EXERCISE OBJECTIVE: Print the data exactly. Omit the pictures.

INFORMATION PROVIDED:
::::::::::

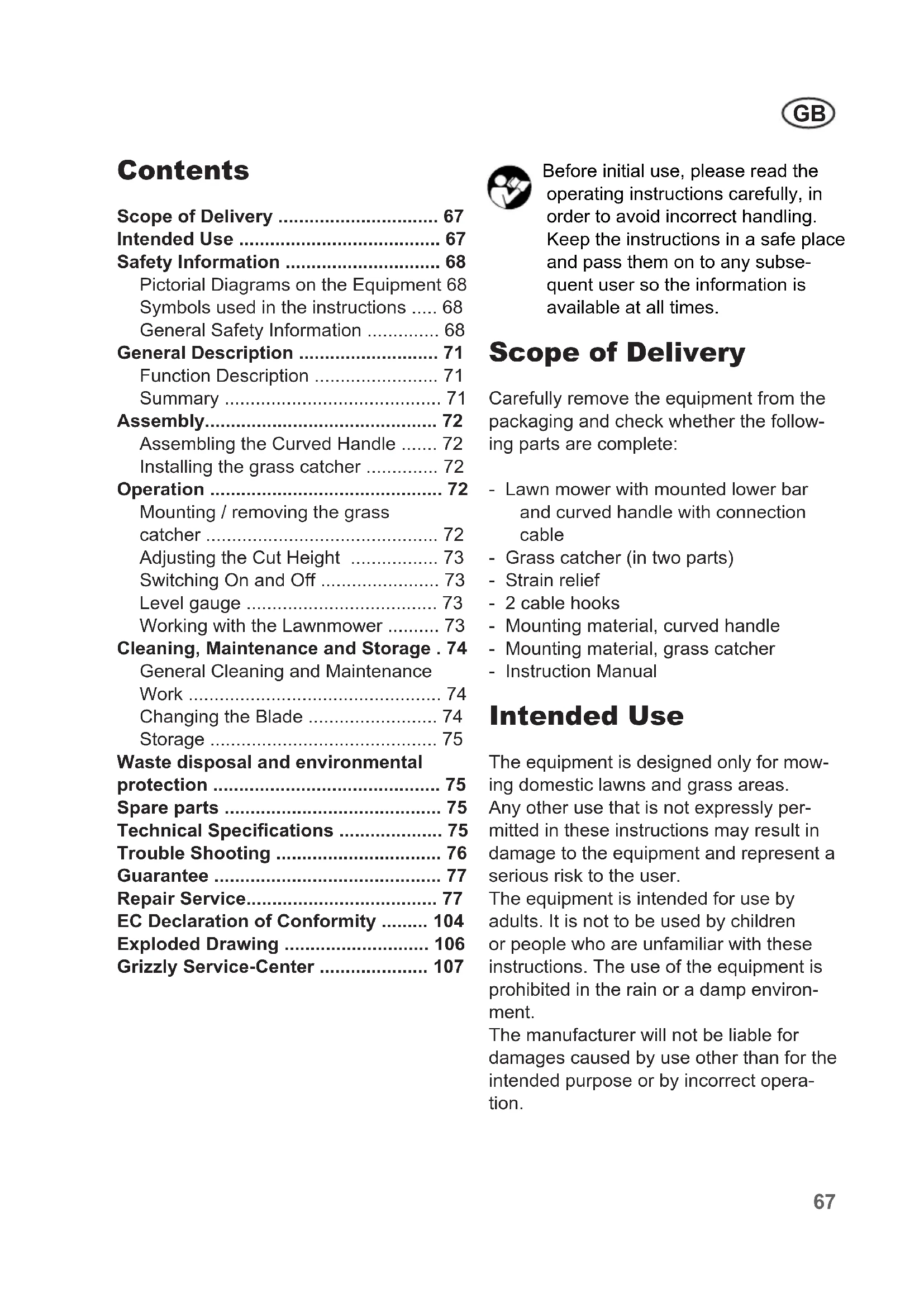 - Grizzly Service-Center Before initial use, please read the operating instructions carefully, in order to avoid incorrect handling. Keep the instructions in a safe place and pass them on to any subse- quent user so the information is available at all times. Scope of Delivery Carefully remove the equipment from the packaging and check whether the follow- ing parts are complete: - Lawn mower with mounted lower bar and curved handle with connection cable - Grass catcher (in two parts) - Strain relief - 2 cable hooks - Mounting material, curved handle - Mounting material, grass catcher - Instruction Manual Intended Use The equipment is designed only for mow- ing domestic lawns and grass areas. Any other use that is not expressly per- mitted in these instructions may result in damage to the equipment and represent a serious risk to the user. The equipment is intended for use by adults. It is not to be used by children or people who are unfamiliar with these instructions. The use of the equipment is prohibited in the rain or a damp environ- ment. The manufacturer will not be liable for damages caused by use other than for the intended purpose or by incorrect opera- tion.GB p. 107
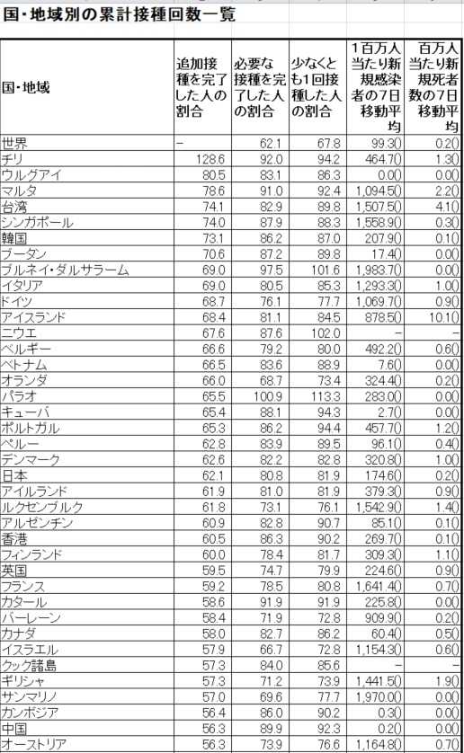 最近の新型コロナウイルスのワクチン接種と感染・死亡状況
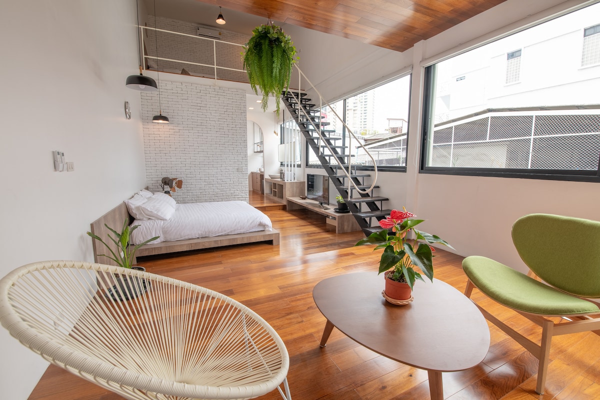 Loft dúplex icónico • Asoke • Techo alto • Familia

::::::::::

RESPONSE:
 - Grizzly Service-Center Before initial use, please read the operating instructions carefully, in order to avoid incorrect handling. Keep the instructions in a safe place and pass them on to any subse- quent user so the information is available at all times. Scope of Delivery Carefully remove the equipment from the packaging and check whether the follow- ing parts are complete: - Lawn mower with mounted lower bar and curved handle with connection cable - Grass catcher (in two parts) - Strain relief - 2 cable hooks - Mounting material, curved handle - Mounting material, grass catcher - Instruction Manual Intended Use The equipment is designed only for mow- ing domestic lawns and grass areas. Any other use that is not expressly per- mitted in these instructions may result in damage to the equipment and represent a serious risk to the user. The equipment is intended for use by adults. It is not to be used by children or people who are unfamiliar with these instructions. The use of the equipment is prohibited in the rain or a damp environ- ment. The manufacturer will not be liable for damages caused by use other than for the intended purpose or by incorrect opera- tion.GB p. 107
 最近の新型コロナウイルスのワクチン接種と感染・死亡状況
 Loft dúplex icónico • Asoke • Techo alto • Familia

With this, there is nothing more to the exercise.